:: AVAILABLE DATA ::

------------------------------------------------------------------------

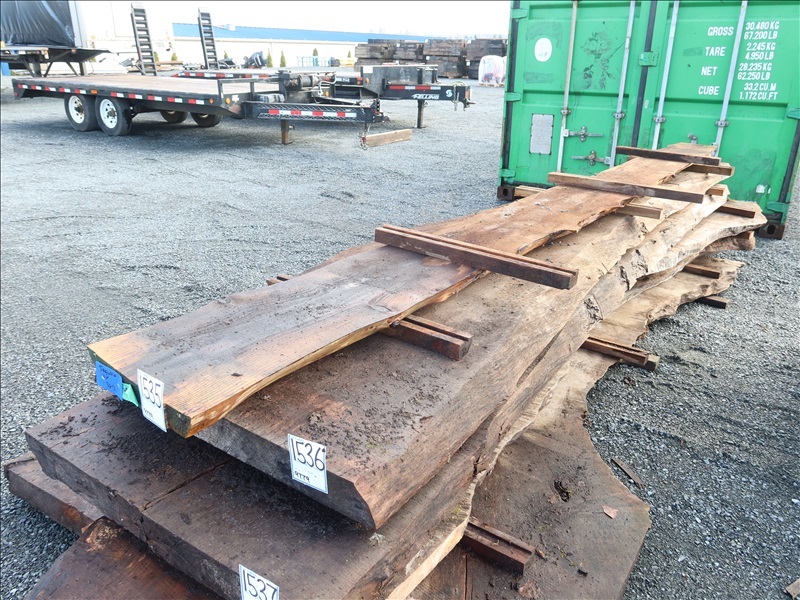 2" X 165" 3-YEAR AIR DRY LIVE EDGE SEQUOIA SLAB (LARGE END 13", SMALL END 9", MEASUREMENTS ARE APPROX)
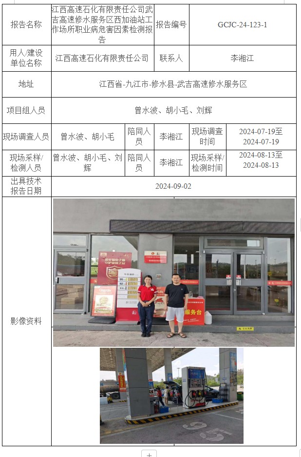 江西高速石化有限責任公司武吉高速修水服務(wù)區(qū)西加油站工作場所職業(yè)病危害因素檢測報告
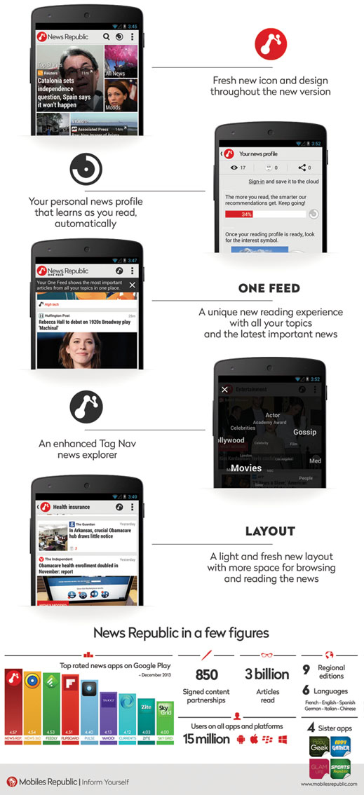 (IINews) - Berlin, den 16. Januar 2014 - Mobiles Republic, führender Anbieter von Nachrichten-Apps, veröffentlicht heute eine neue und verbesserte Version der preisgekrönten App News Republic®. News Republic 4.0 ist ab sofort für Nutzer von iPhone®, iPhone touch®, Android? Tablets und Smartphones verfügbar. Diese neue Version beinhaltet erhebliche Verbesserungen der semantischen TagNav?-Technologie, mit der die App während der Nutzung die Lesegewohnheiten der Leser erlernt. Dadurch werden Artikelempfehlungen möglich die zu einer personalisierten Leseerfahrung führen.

------------------------------------------------------------------------

:: WORK INSTRUCTION ::
In the listing above, retype exactly, and only, the lines from the one containing "江西高速石化有限責任公司武吉" through the last line, both included. Omit the pictures.

:: SOLUTION TO THIS EXERCISE ::
 江西高速石化有限責任公司武吉高速修水服務(wù)區(qū)西加油站工作場所職業(yè)病危害因素檢測報告
 (IINews) - Berlin, den 16. Januar 2014 - Mobiles Republic, führender Anbieter von Nachrichten-Apps, veröffentlicht heute eine neue und verbesserte Version der preisgekrönten App News Republic®. News Republic 4.0 ist ab sofort für Nutzer von iPhone®, iPhone touch®, Android? Tablets und Smartphones verfügbar. Diese neue Version beinhaltet erhebliche Verbesserungen der semantischen TagNav?-Technologie, mit der die App während der Nutzung die Lesegewohnheiten der Leser erlernt. Dadurch werden Artikelempfehlungen möglich die zu einer personalisierten Leseerfahrung führen.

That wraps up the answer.